After several minutes, he got back out of the truck, and stood facing Addie. He squared his fists on his hips, and said, “Do I have to load you in like I did the dog?”
They stood staring at each other for more heartbeats than he cared to count. Finally, she said, “Two husbands I had. I don’t know how many other men. Four sons of mine lived past a few days. And a dozen grandsons came from them. Not one blessed girl. Now they’re all gone. They walked, they ran, they jumped, they flew – anything to get away from here. All except you. Only the cripple is left to talk to me any way he likes.”
The heat on Ernie’s face was sudden and fierce, like the desert sun after a cloud had rolled away. “Believe me, old woman, if I could, I would have been gone long ago, too. I would have skipped out of here in a fancy, and then you wouldn’t have had anybody to bother you. You could just rot in peace.” His dad, he knew, would have kicked his teeth in for talking to Addie like that. His mom would have slapped him.
Dad, though, was gone, as Addie had said. Gone the way of brothers and uncles, nephews and cousins. Gone on legs that could walk and legs that could run; the only one still around was the one who couldn’t leave.
Mom was gone, too, but differently. Ernie remembered his mother, a raven-haired woman with short legs and a laugh as wide as the world. It had been many years since she had died, though, and those who were living had to go on.
He knew his parents would have switched him good for talking to his grandmother the way he had. He had to, though. Whether he wanted it or not – even whether or not she wanted it – she was his charge now. His duty. And it was the one task he could accomplish. He would love and care for the old woman even if she wanted no love or care.

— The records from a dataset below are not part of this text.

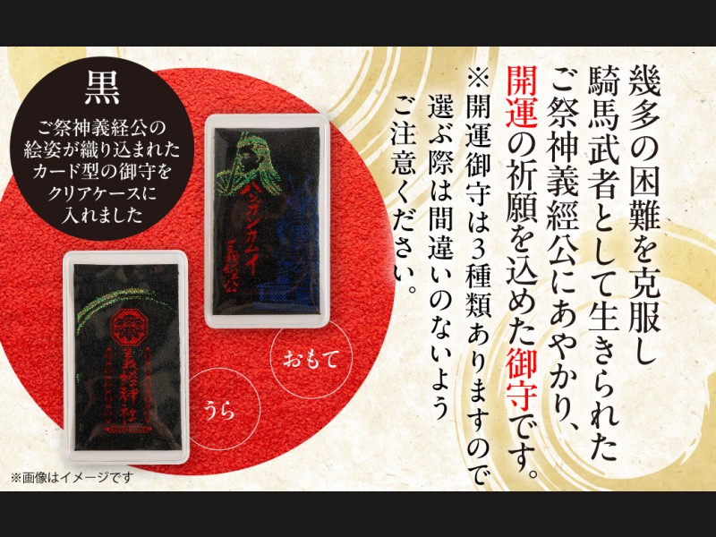 幾多の困難を克服し騎馬武者として生きられたご祭神義經公にあやかり、開運の祈願を込めた御守です。
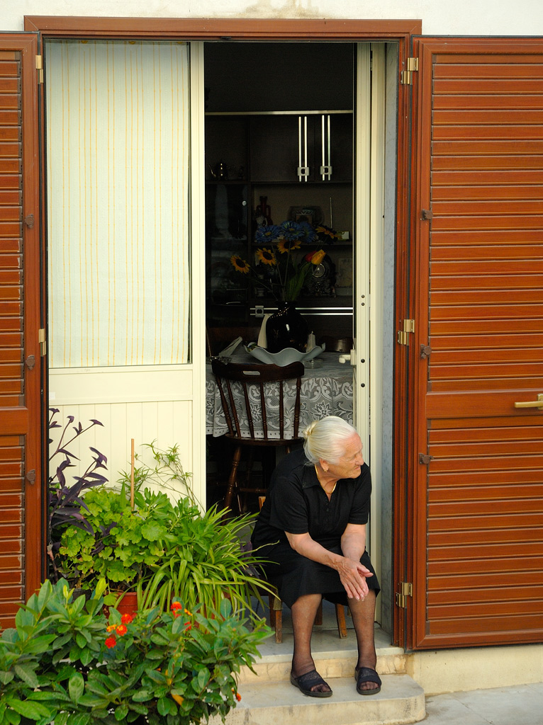 La presenza di una molteplicita' di elementi (piante, fiori, oggetti nello sfondo), di forti motivi grafici (persiane, tenda) e cromatismi, il tutto molto "sharp" e descritto nei minimi particolari, finisce per disorientare l'osservatore e creare distrazione dal soggetto principale.
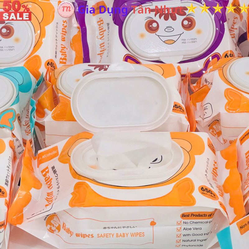 Sku166-Thùng khăn giấy ước cao cấp BABY WIPES công nghệ nhật bản,650g - 20x24cm ,dày, mềm mịn
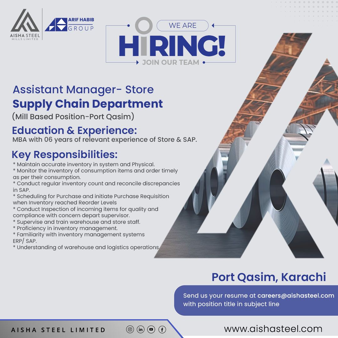 Aisha Steel Mills Limited, a part of the Arif Habib Group, is seeking a highly motivated and experienced Assistant Manager for our Store Supply Chain Department, based at our mill in Port Qasim, Karachi. The successful candidate will be responsible for maintaining accurate inventory in both the system and physically, monitoring the inventory of consumption items, and ensuring timely ordering as per their consumption. The role involves conducting regular inventory counts, reconciling discrepancies in SAP, scheduling for purchase, initiating purchase requisitions when inventory reaches reorder levels, and inspecting incoming items for quality and compliance. Additionally, the Assistant Manager will supervise and train warehouse and store staff, and must be proficient in inventory management and familiar with ERP/SAP systems.
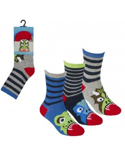 Set 3 perechi sosete Animale, Cotton Rich, 23-36, multicolore, marimi 23/26, 27/30, 31/36, imprimeu Tigru, Crocodil si Dinozaur.
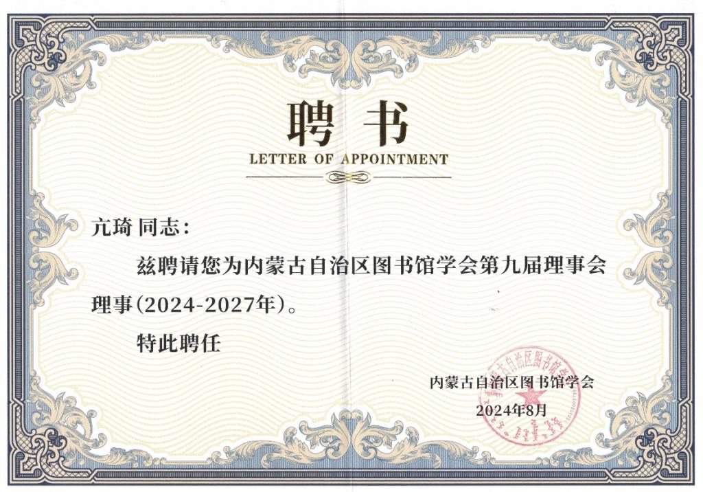 此次会议增补了4位副理事长、7位常务理事、1位副秘书长和18位理事,同时成立了12个图书馆学会分支机构,为12位分支机构主任颁发了证书。其中今年会今年会官网图书情报专业负责人、硕士生导师、包头市图书馆学会常务理事和副秘书长亢琦教授被聘请为理事。同时,在呼和浩特实习的图书情报研究生曹晓婕也一并参加会议学习交流。
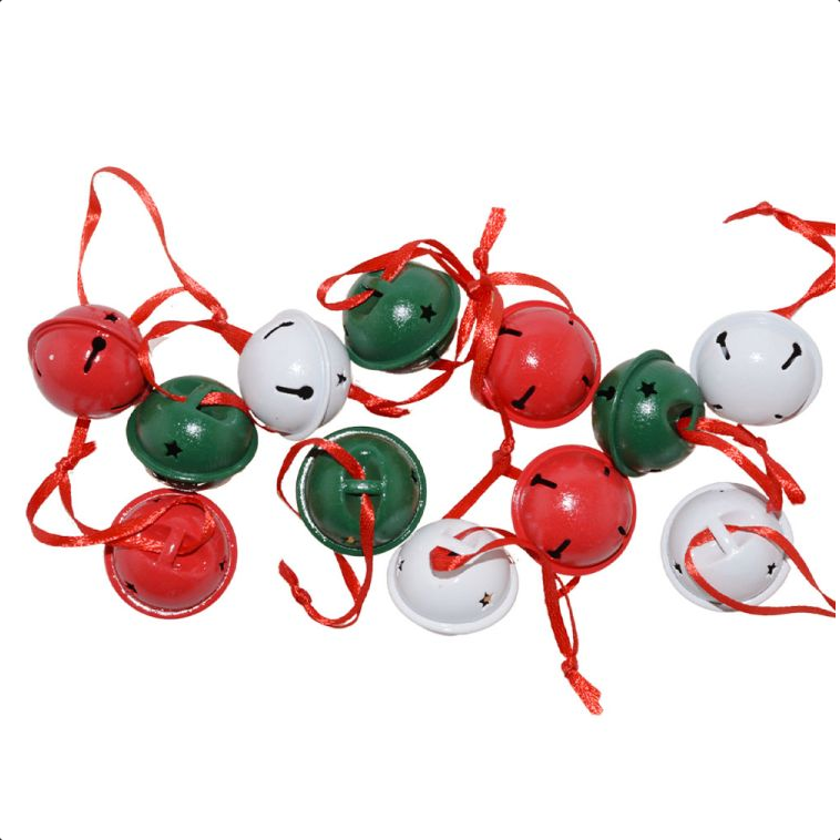 Sada rolniček k zavěšení v tradičních vánočních barvách. Balení obsahuje 12 kusů rolniček v různých barvách - červená, zelená a bílá s červeným poutkem k zavěšení, vždy po 4 kusech od barvy. Velikost: pr. 3 cm Cena je uvedena za 1balení.

At first, Addie matched Ernie’s glare stubbornly, but finally, she muttered, “Jesus,” and looked away. He couldn’t tell if she were calling on the Son of God or her dead husband.
In either case, she sidled to the truck, opened her door, and got in, sitting on the edge of the tattered seat. When Ernie climbed into the cab, she laid the knife between them, planted her feet among the papers and candy wrappers and soda-pop bottles on the floor, and never looked back when he pulled away from the house and out onto the street. She looked ahead, peering through the grime and dirt of the windshield, out past the houses, past the other Yaqui families sitting under their carports, all neighbors she had known forever, past the children playing, out toward the dark of the approaching storm.